(EXERCISE)
Give the listing again word for word. Leave every image out.

(EXTRACTED RECORDS)

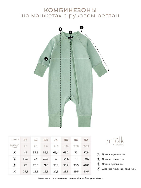 Комбинезон Mjölk [мьёльк] Sleep and Play — классический комбинезон на молнии с открытой ножкой и рукавом реглан, выполненный из плотного и очень мягкого 100% хлопка.
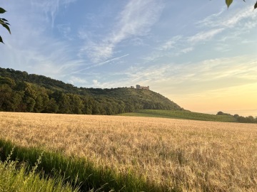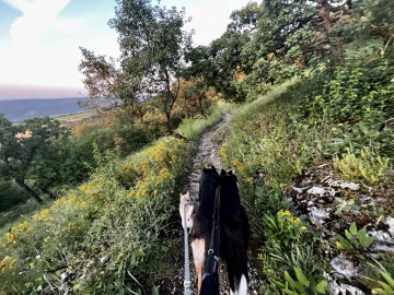 Z náměstí jsme zamířili po zelené stezce do kopečka, prošli jsme pár ulic a ocitli se mezi krásnou vinicí a lesem. V tu dobu nám začal krásně měsíc svítit na cestu a my jsme se vydali do lesa. Cesta byla místy kamenitá, prorostlá kmeny a do kopce. My jsme měli uši v pozoru, potkali jsme pár srnečků, panička nás měla celou cestu na vodítku, tak jsme mohli jen nasávat spoustu různých pachů. Thorinek se chvílemi nesl. Mezitím co jsme čmuchali spoustu nových vjemů, panička si užívala ticho, klid a na ranní hodinu krásně teplý vzduch, to nám bylo taky příjemné. Lepší než těch 30 stupňů co mělo být odpoledne.
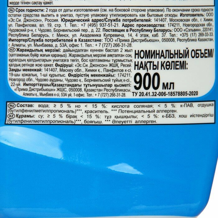 Чистящее средство для унитаза SC Johnson Туалетный утенок, "Морской", 5 в 1, 500 мл (696891/338586)
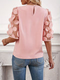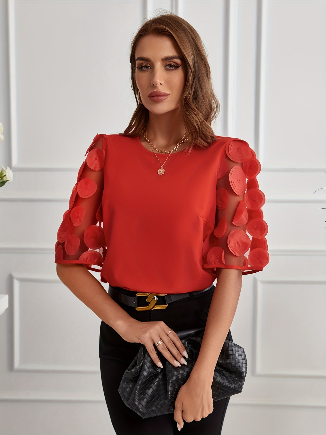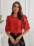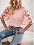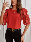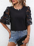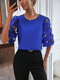 Sale Women's Solid Applique Blouse with Half Sleeves and Mesh Splicing
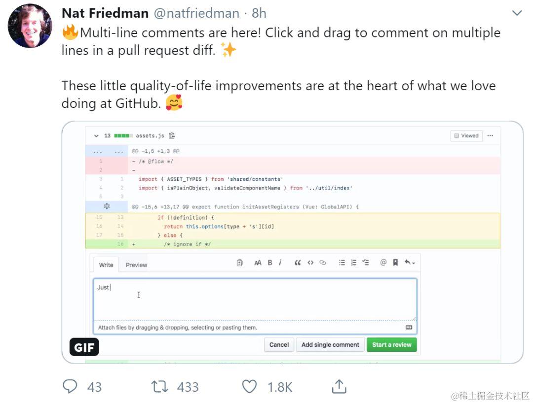 北京时间 2019 年 10 月 2 日,GitHub CEO Nat Friedman 在 Twitter 发布消息,宣布 GitHub pull request 正式支持 multi-line comments!
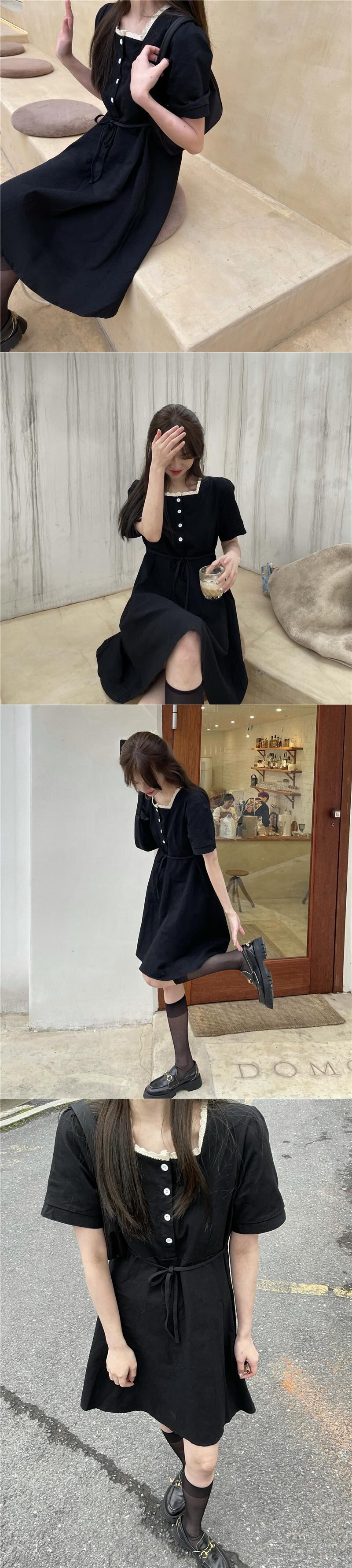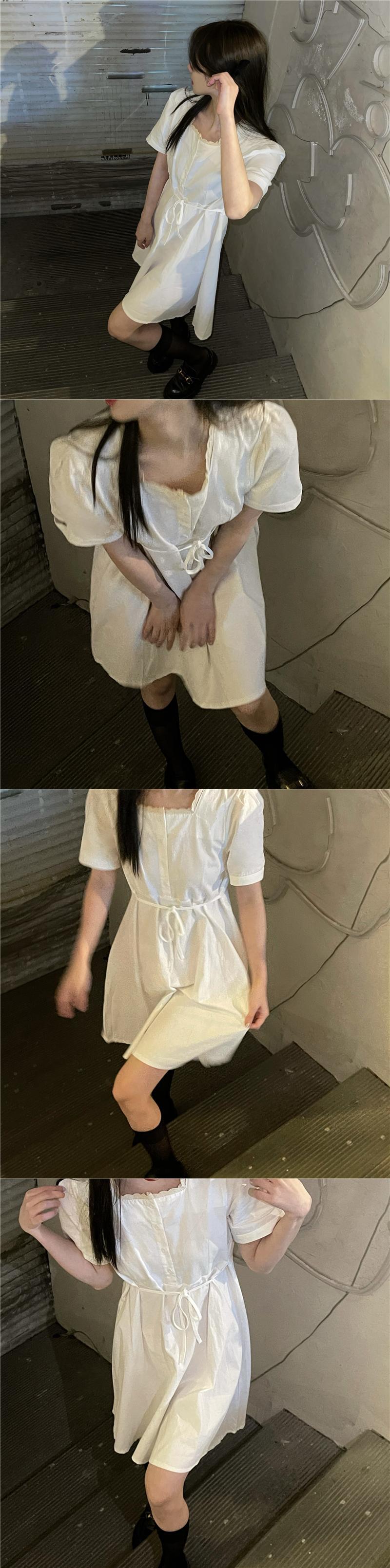 ホワイトワンピースレディース夏服韓国ファッションスタイルレースカラー半袖スリーブAラインスカート ハイウェストウェストスリム ショート ハーフスリーブ 夏物 スクウェア ウエスト CHIL14221028387
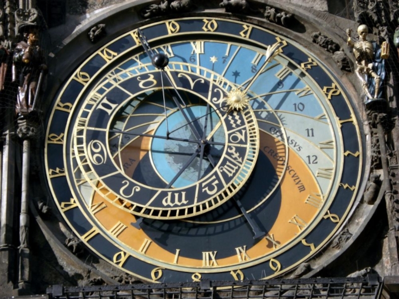 В переводе с чешского “orloj” — башенные часы. В начале XV века на Староместской площади шла бойкая торговля, и городское начальство решило поместить часы на ратуше, чтобы горожане не опаздывали к мессе. Возведенные часы не только напоминали (что и делают до сих пор) о времени, но и заставляли задуматься о своей душе. Каждый час скелет, символизирующий Смерть, дергает за колокол, Скупой звенит монетами, Гордец любуется собою в зеркало, и начинают свое шествие 12 апостолов. По легенде, отремонтировавшему в 1490 году часы мастеру Ганушу выкололи глаза, чтобы он не смог воспроизвести что-то подобное.
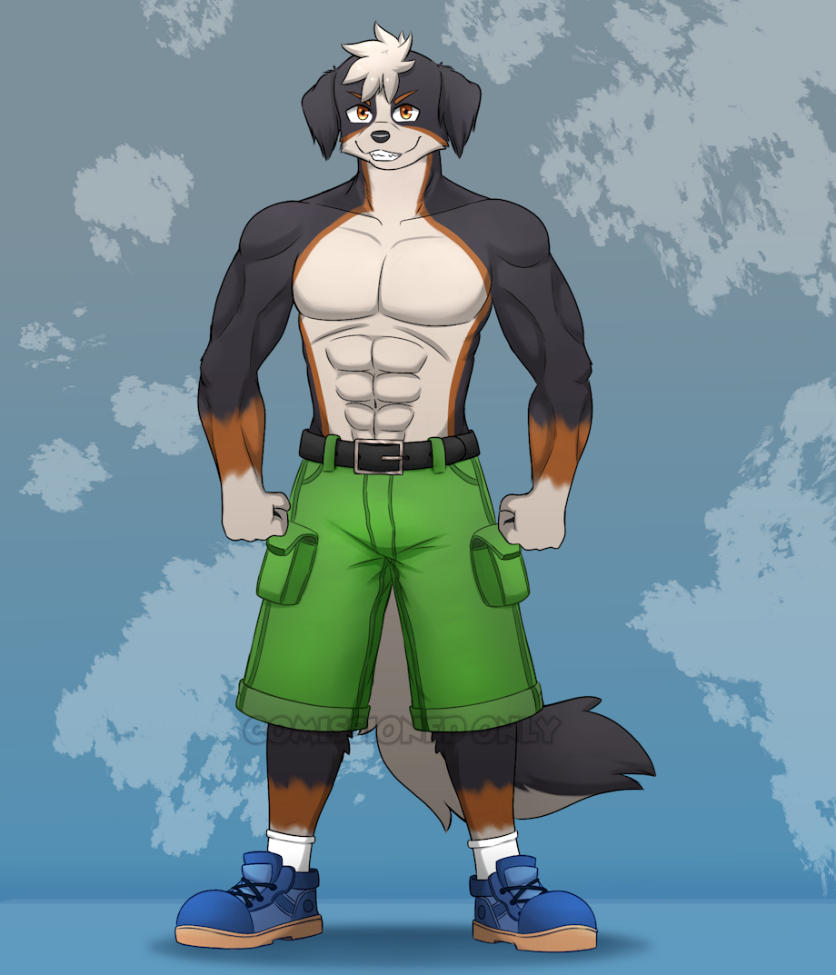 As we know in the original series, Rex has disability pup, which is his legs unable to walk. So, he used high-tech wheelchair to help him whenever he goes. But in AU (anthro) version, he doesn't need a wheelchair anymore, as he has successfully full recovered by a great specialist treatment and more therapies. Now, he's often to do some physical exercise every morning, to stabilize his body and legs.
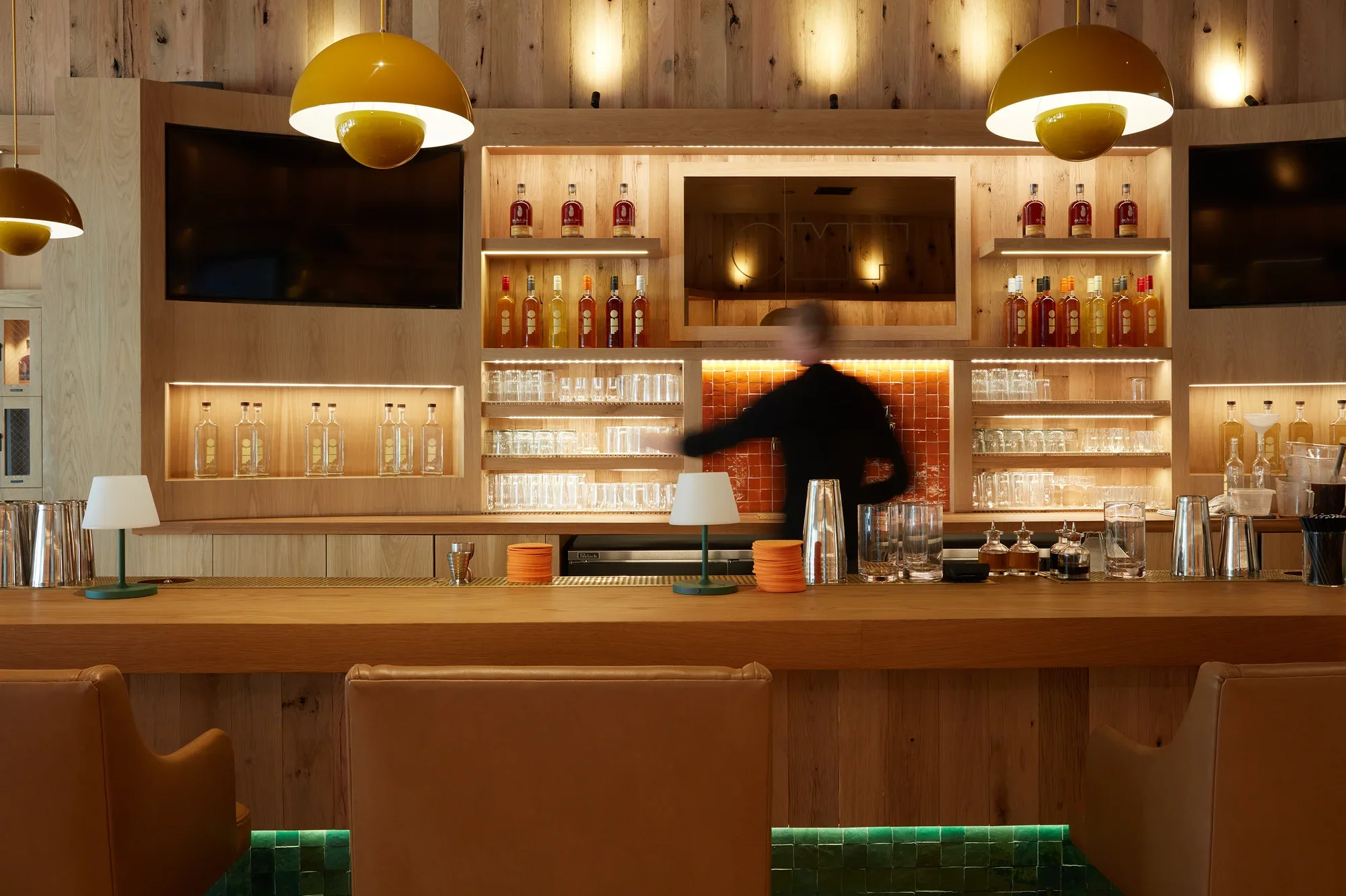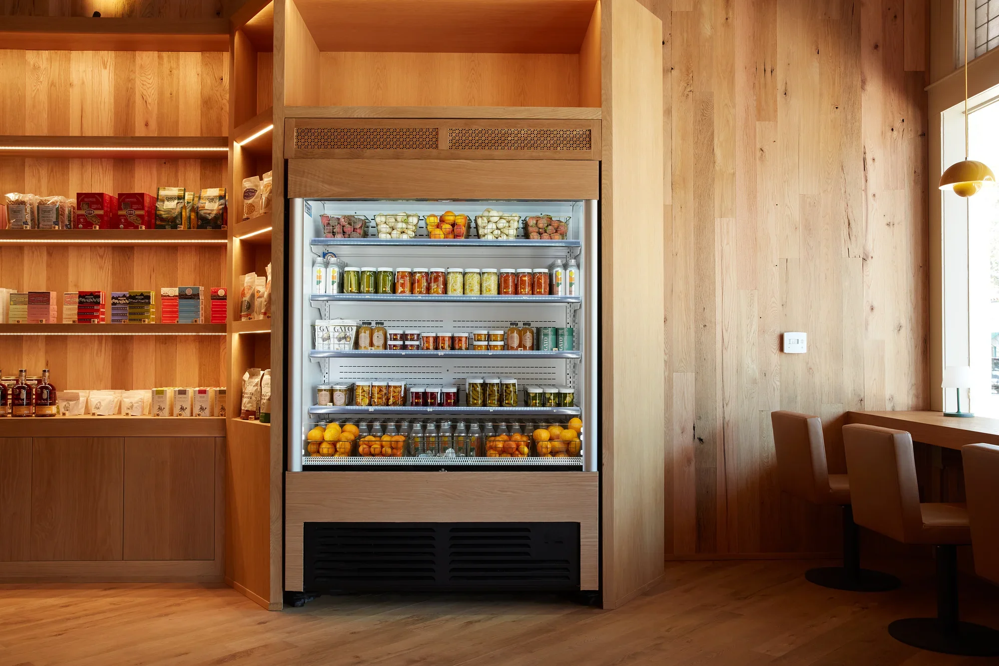 The space is unrecognizable. All natural oak, built out by local woodworker Logan Gould; light, clean, and warm. Seating runs along the large front windows so you can watch the Arcade traffic go by. Two lounge chairs sit before a wall of oak lockers reserved for Whiskey Club members. The oak doesn’t stop. Shelves, walls, and ceiling. The room feels almost carved from a single thing: the bar and deli counter to the left, the market shelves to the right.
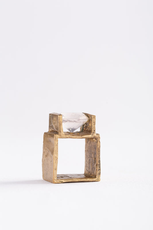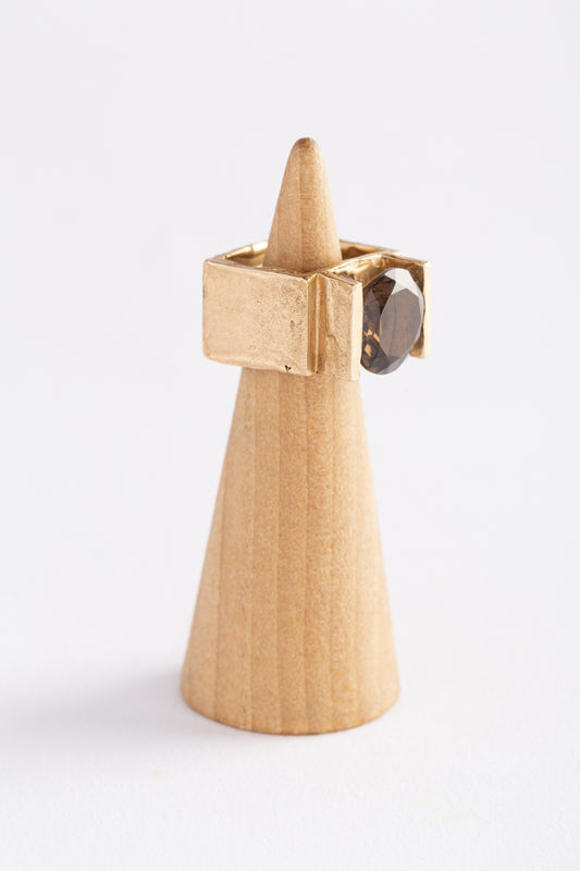 ANELLO BIG SQUARE, bronzo e quarzo brown fumè
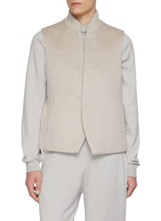 Woven entirely from pure cashmere, this vest by Magnus and Novus is a study in refined minimalism. The clean front closure and sculpted stand collar lend it a contemporary elegance, while the soft handfeel ensures lasting comfort — perfect layered over shirts or under tailoring.
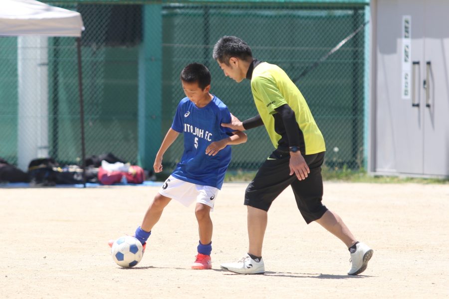 コーチ陣は監督以下16名のコーチスタッフが、ボランティアで指導。中学生を中心としたOB選手も、しばしば練習に加わり、チームを盛り立てている。6年を担当するのは島川剛コーチで、自身の子供が入団したのをきっかけに、指導の輪に加わった。府内の強豪私学高出身で、当時の経験を生かし、指導にあたっている。「技術的に劣る選手が多い年代であったが、子供はやれば伸びる。負けて悔しいのならば、やれば必ずできることを言い続けた」と話す。
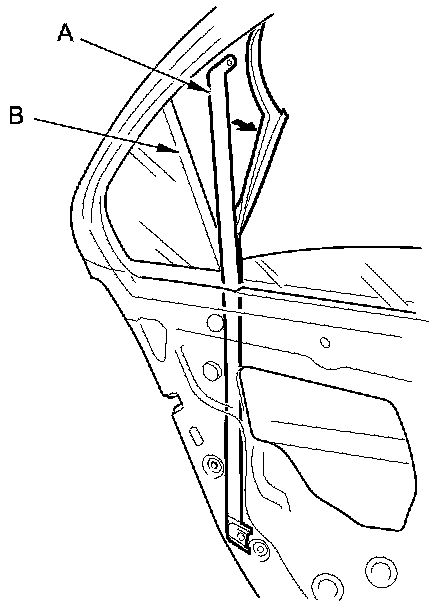 5. Pull the upper portion of the rear lower channel (A) forward to remove it from the door quarter glass seal (B).
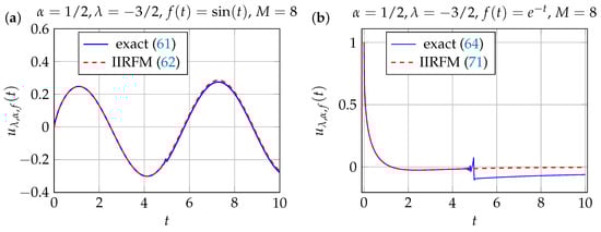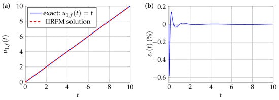 Equations (24) and (25) are the key results of the IIRFM applied to the numerical solution of linear CVIEs of the second kind. In contrast to the method of homotopic perturbations with Laplace transformation (HPM-L), which will be presented in the following paragraph, it is not necessary with the IIRFM to calculate the Laplace transform of the source function in order to numerically solve the problem under consideration. This is a considerable advantage of the IIRFM, as there are situations where the calculation of is not possible. This is the case, for example, if includes a random component (like noise) or is the result of experimental measurements.
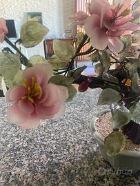 Bellissimo bonsai in vetro giada cinese. Oggetto artistico ereditato, che rappresenta un ‘ Ciliegio in fiore ‘, vintage.

(ANSWER FOR THE TASK)
 Комбинезон Mjölk [мьёльк] Sleep and Play — классический комбинезон на молнии с открытой ножкой и рукавом реглан, выполненный из плотного и очень мягкого 100% хлопка.
 Z náměstí jsme zamířili po zelené stezce do kopečka, prošli jsme pár ulic a ocitli se mezi krásnou vinicí a lesem. V tu dobu nám začal krásně měsíc svítit na cestu a my jsme se vydali do lesa. Cesta byla místy kamenitá, prorostlá kmeny a do kopce. My jsme měli uši v pozoru, potkali jsme pár srnečků, panička nás měla celou cestu na vodítku, tak jsme mohli jen nasávat spoustu různých pachů. Thorinek se chvílemi nesl. Mezitím co jsme čmuchali spoustu nových vjemů, panička si užívala ticho, klid a na ranní hodinu krásně teplý vzduch, to nám bylo taky příjemné. Lepší než těch 30 stupňů co mělo být odpoledne.
 Чистящее средство для унитаза SC Johnson Туалетный утенок, "Морской", 5 в 1, 500 мл (696891/338586)
 Sale Women's Solid Applique Blouse with Half Sleeves and Mesh Splicing
 北京时间 2019 年 10 月 2 日,GitHub CEO Nat Friedman 在 Twitter 发布消息,宣布 GitHub pull request 正式支持 multi-line comments!
 ホワイトワンピースレディース夏服韓国ファッションスタイルレースカラー半袖スリーブAラインスカート ハイウェストウェストスリム ショート ハーフスリーブ 夏物 スクウェア ウエスト CHIL14221028387
 В переводе с чешского “orloj” — башенные часы. В начале XV века на Староместской площади шла бойкая торговля, и городское начальство решило поместить часы на ратуше, чтобы горожане не опаздывали к мессе. Возведенные часы не только напоминали (что и делают до сих пор) о времени, но и заставляли задуматься о своей душе. Каждый час скелет, символизирующий Смерть, дергает за колокол, Скупой звенит монетами, Гордец любуется собою в зеркало, и начинают свое шествие 12 апостолов. По легенде, отремонтировавшему в 1490 году часы мастеру Ганушу выкололи глаза, чтобы он не смог воспроизвести что-то подобное.
 As we know in the original series, Rex has disability pup, which is his legs unable to walk. So, he used high-tech wheelchair to help him whenever he goes. But in AU (anthro) version, he doesn't need a wheelchair anymore, as he has successfully full recovered by a great specialist treatment and more therapies. Now, he's often to do some physical exercise every morning, to stabilize his body and legs.
 The space is unrecognizable. All natural oak, built out by local woodworker Logan Gould; light, clean, and warm. Seating runs along the large front windows so you can watch the Arcade traffic go by. Two lounge chairs sit before a wall of oak lockers reserved for Whiskey Club members. The oak doesn’t stop. Shelves, walls, and ceiling. The room feels almost carved from a single thing: the bar and deli counter to the left, the market shelves to the right.
 ANELLO BIG SQUARE, bronzo e quarzo brown fumè
 Woven entirely from pure cashmere, this vest by Magnus and Novus is a study in refined minimalism. The clean front closure and sculpted stand collar lend it a contemporary elegance, while the soft handfeel ensures lasting comfort — perfect layered over shirts or under tailoring.
 コーチ陣は監督以下16名のコーチスタッフが、ボランティアで指導。中学生を中心としたOB選手も、しばしば練習に加わり、チームを盛り立てている。6年を担当するのは島川剛コーチで、自身の子供が入団したのをきっかけに、指導の輪に加わった。府内の強豪私学高出身で、当時の経験を生かし、指導にあたっている。「技術的に劣る選手が多い年代であったが、子供はやれば伸びる。負けて悔しいのならば、やれば必ずできることを言い続けた」と話す。
 5. Pull the upper portion of the rear lower channel (A) forward to remove it from the door quarter glass seal (B).
 Equations (24) and (25) are the key results of the IIRFM applied to the numerical solution of linear CVIEs of the second kind. In contrast to the method of homotopic perturbations with Laplace transformation (HPM-L), which will be presented in the following paragraph, it is not necessary with the IIRFM to calculate the Laplace transform of the source function in order to numerically solve the problem under consideration. This is a considerable advantage of the IIRFM, as there are situations where the calculation of is not possible. This is the case, for example, if includes a random component (like noise) or is the result of experimental measurements.
 Bellissimo bonsai in vetro giada cinese. Oggetto artistico ereditato, che rappresenta un ‘ Ciliegio in fiore ‘, vintage.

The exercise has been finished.